YOUR GOAL: Below are records to retype exactly, except for the pictures.

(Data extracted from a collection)
^^^^^^^^^^^^^^^^

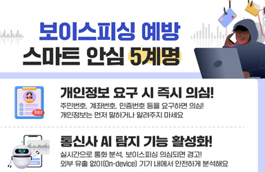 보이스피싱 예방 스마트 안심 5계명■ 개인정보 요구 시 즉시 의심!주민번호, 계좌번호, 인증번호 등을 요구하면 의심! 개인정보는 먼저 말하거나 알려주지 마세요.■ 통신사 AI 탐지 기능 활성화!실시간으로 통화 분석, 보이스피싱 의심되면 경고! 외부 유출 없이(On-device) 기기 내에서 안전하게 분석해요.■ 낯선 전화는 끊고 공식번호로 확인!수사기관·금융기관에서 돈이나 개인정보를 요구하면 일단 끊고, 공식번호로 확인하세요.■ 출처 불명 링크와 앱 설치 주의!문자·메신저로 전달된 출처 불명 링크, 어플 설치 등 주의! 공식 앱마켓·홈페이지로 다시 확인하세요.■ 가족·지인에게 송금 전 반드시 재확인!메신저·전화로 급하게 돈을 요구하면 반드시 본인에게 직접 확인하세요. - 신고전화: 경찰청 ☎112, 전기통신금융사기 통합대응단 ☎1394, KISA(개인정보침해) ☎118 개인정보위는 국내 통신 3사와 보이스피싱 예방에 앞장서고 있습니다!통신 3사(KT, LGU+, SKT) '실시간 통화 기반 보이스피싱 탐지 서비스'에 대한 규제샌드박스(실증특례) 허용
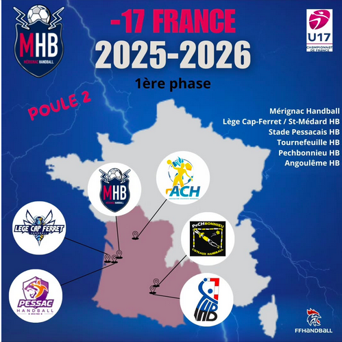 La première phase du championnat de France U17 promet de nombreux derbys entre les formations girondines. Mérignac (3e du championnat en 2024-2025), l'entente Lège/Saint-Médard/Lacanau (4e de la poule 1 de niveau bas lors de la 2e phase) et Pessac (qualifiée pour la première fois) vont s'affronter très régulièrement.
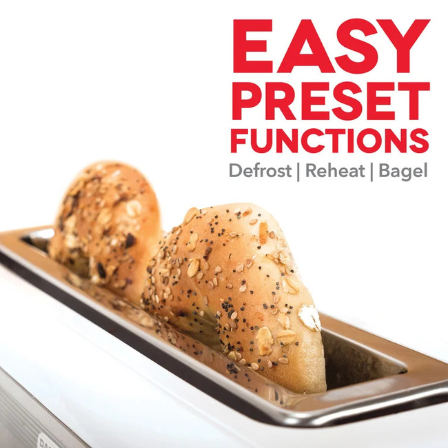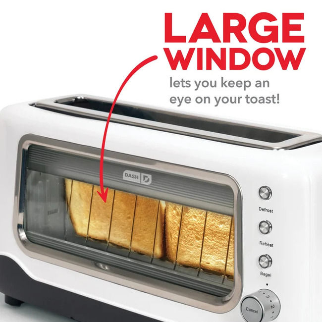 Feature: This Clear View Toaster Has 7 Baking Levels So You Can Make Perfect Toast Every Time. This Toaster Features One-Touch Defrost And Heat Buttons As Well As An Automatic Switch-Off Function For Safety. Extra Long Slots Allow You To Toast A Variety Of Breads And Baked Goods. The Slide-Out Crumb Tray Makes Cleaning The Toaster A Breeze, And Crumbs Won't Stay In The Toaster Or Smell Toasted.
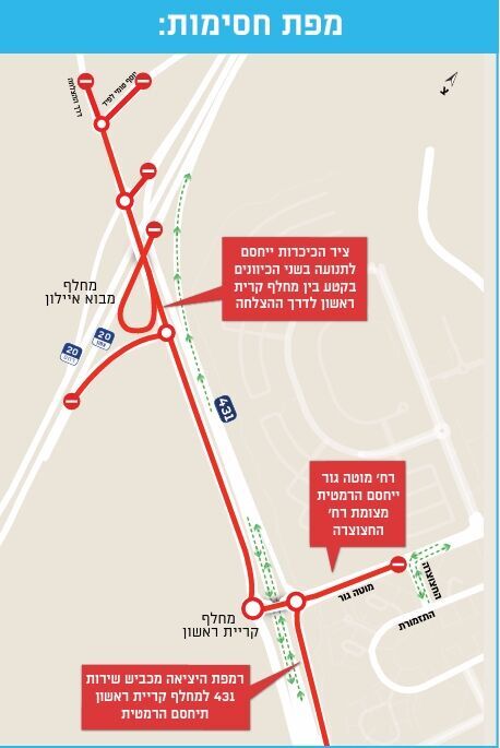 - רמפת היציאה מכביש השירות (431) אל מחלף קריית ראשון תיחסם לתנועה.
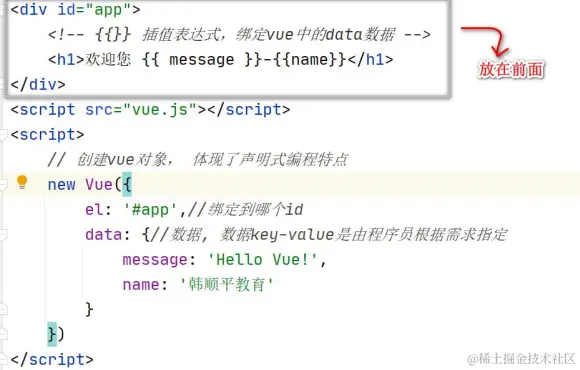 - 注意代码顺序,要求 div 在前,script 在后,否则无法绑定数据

^^^^^^^^^^^^^^^^

SOLUTION TO THIS PROBLEM:
 보이스피싱 예방 스마트 안심 5계명■ 개인정보 요구 시 즉시 의심!주민번호, 계좌번호, 인증번호 등을 요구하면 의심! 개인정보는 먼저 말하거나 알려주지 마세요.■ 통신사 AI 탐지 기능 활성화!실시간으로 통화 분석, 보이스피싱 의심되면 경고! 외부 유출 없이(On-device) 기기 내에서 안전하게 분석해요.■ 낯선 전화는 끊고 공식번호로 확인!수사기관·금융기관에서 돈이나 개인정보를 요구하면 일단 끊고, 공식번호로 확인하세요.■ 출처 불명 링크와 앱 설치 주의!문자·메신저로 전달된 출처 불명 링크, 어플 설치 등 주의! 공식 앱마켓·홈페이지로 다시 확인하세요.■ 가족·지인에게 송금 전 반드시 재확인!메신저·전화로 급하게 돈을 요구하면 반드시 본인에게 직접 확인하세요. - 신고전화: 경찰청 ☎112, 전기통신금융사기 통합대응단 ☎1394, KISA(개인정보침해) ☎118 개인정보위는 국내 통신 3사와 보이스피싱 예방에 앞장서고 있습니다!통신 3사(KT, LGU+, SKT) '실시간 통화 기반 보이스피싱 탐지 서비스'에 대한 규제샌드박스(실증특례) 허용
 La première phase du championnat de France U17 promet de nombreux derbys entre les formations girondines. Mérignac (3e du championnat en 2024-2025), l'entente Lège/Saint-Médard/Lacanau (4e de la poule 1 de niveau bas lors de la 2e phase) et Pessac (qualifiée pour la première fois) vont s'affronter très régulièrement.
 Feature: This Clear View Toaster Has 7 Baking Levels So You Can Make Perfect Toast Every Time. This Toaster Features One-Touch Defrost And Heat Buttons As Well As An Automatic Switch-Off Function For Safety. Extra Long Slots Allow You To Toast A Variety Of Breads And Baked Goods. The Slide-Out Crumb Tray Makes Cleaning The Toaster A Breeze, And Crumbs Won't Stay In The Toaster Or Smell Toasted.
 - רמפת היציאה מכביש השירות (431) אל מחלף קריית ראשון תיחסם לתנועה.
 - 注意代码顺序,要求 div 在前,script 在后,否则无法绑定数据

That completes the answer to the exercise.